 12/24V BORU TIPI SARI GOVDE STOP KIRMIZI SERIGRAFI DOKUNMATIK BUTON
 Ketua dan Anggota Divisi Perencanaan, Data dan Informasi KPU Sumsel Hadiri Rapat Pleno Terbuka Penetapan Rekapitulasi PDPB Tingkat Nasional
---
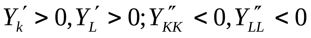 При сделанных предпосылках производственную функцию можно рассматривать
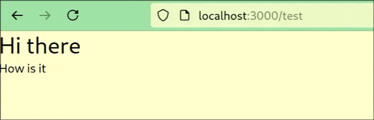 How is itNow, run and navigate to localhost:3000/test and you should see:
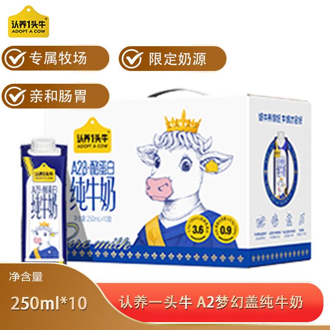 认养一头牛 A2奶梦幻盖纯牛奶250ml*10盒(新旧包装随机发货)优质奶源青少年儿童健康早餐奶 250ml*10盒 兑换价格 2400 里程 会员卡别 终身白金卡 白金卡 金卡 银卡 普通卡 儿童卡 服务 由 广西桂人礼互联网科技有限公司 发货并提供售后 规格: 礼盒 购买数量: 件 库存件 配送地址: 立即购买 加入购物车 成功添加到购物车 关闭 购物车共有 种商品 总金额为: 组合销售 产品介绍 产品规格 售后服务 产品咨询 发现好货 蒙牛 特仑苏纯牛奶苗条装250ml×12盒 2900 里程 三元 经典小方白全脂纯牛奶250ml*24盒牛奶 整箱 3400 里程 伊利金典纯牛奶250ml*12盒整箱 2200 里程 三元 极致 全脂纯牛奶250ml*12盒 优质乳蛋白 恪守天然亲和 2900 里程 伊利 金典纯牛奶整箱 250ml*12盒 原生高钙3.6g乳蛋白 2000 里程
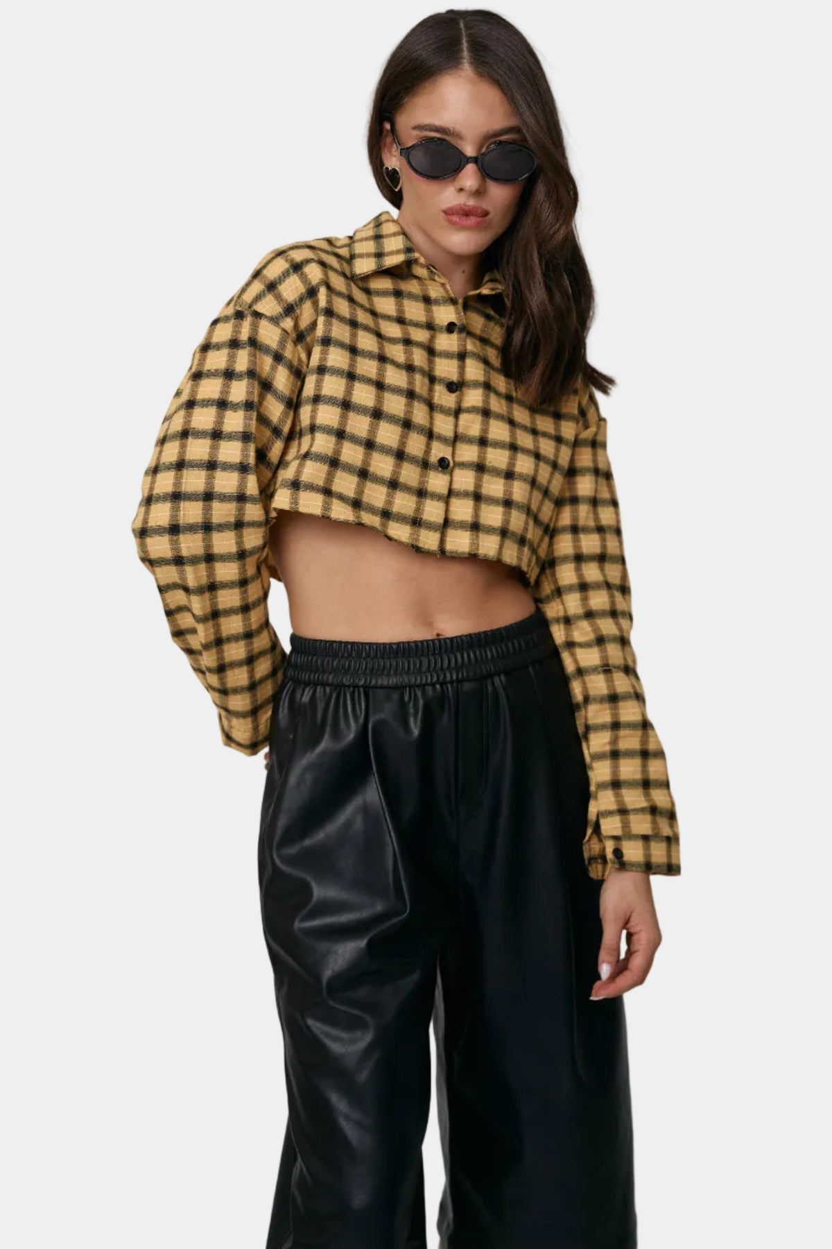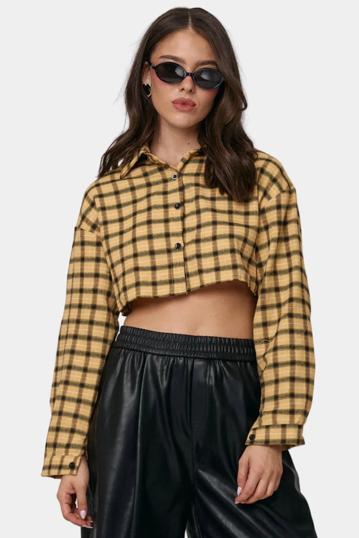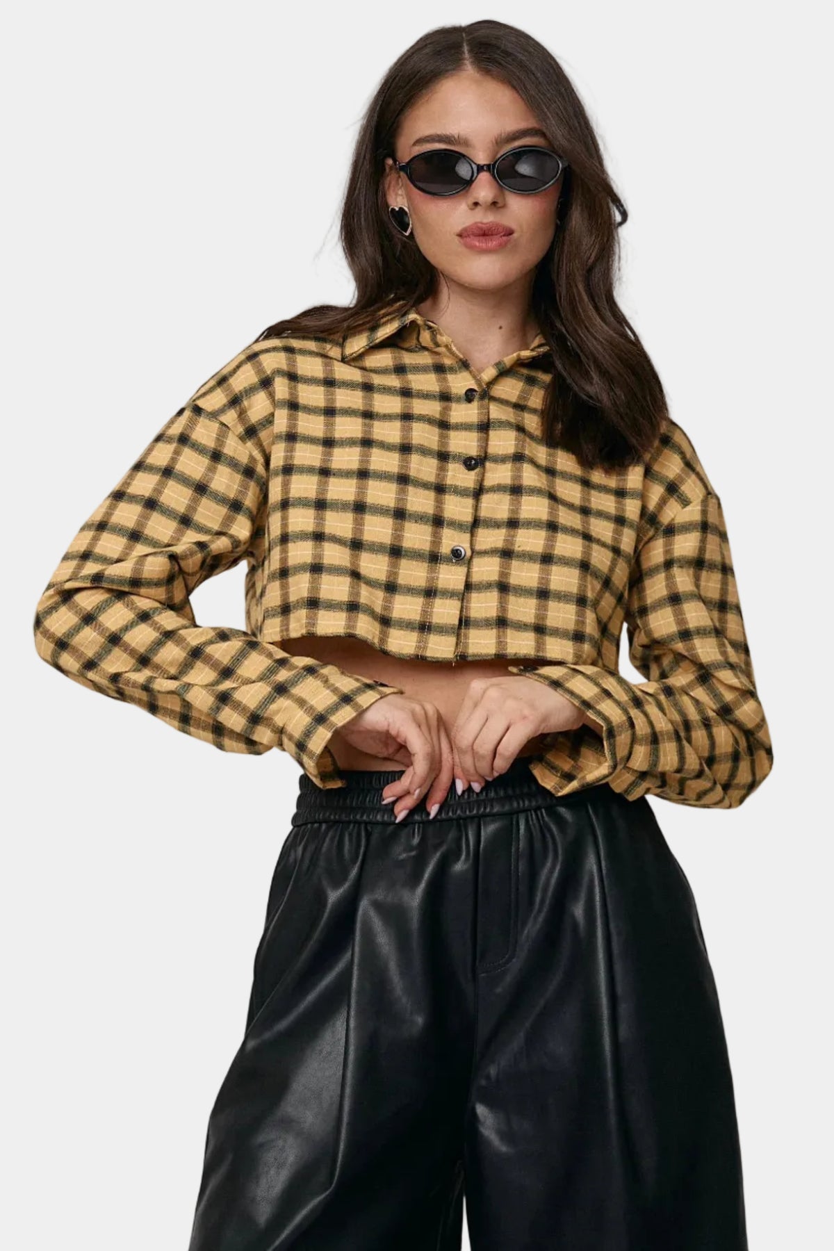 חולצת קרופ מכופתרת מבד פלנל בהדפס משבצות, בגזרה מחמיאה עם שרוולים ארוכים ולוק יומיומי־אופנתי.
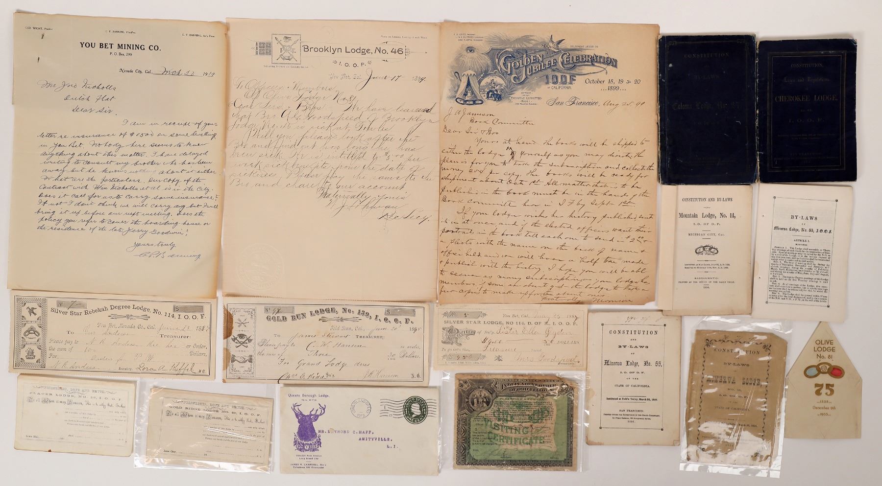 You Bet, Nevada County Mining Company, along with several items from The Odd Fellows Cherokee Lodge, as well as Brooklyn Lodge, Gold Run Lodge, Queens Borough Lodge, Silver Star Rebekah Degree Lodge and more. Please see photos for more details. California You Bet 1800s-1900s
--
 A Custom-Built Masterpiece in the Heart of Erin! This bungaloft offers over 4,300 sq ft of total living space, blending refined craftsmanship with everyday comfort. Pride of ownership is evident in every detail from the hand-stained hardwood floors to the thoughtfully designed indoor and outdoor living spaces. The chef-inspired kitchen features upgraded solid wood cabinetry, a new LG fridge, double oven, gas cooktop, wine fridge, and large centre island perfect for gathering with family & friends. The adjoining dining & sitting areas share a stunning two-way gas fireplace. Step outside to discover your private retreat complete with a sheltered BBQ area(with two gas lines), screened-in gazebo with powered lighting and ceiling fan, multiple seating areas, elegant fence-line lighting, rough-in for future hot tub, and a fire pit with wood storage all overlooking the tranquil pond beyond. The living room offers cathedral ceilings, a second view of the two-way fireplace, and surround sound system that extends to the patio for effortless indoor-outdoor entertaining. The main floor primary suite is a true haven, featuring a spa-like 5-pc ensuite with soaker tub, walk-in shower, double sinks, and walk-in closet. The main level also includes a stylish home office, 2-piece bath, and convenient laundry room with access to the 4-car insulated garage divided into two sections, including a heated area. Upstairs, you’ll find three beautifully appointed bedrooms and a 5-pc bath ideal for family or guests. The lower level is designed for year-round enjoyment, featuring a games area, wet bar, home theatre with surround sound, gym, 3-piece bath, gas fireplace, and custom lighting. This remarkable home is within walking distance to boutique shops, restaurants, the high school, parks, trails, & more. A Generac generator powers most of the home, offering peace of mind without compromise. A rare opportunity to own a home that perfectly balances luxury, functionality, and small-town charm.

◆ EXERCISE
Retype exactly the span of lines from the one with "12/24V BORU TIPI" through the one with "Ketua dan Anggota"; include both ends and omit the rest of the material.

◆ YOUR RESPONSE
 12/24V BORU TIPI SARI GOVDE STOP KIRMIZI SERIGRAFI DOKUNMATIK BUTON
 Ketua dan Anggota Divisi Perencanaan, Data dan Informasi KPU Sumsel Hadiri Rapat Pleno Terbuka Penetapan Rekapitulasi PDPB Tingkat Nasional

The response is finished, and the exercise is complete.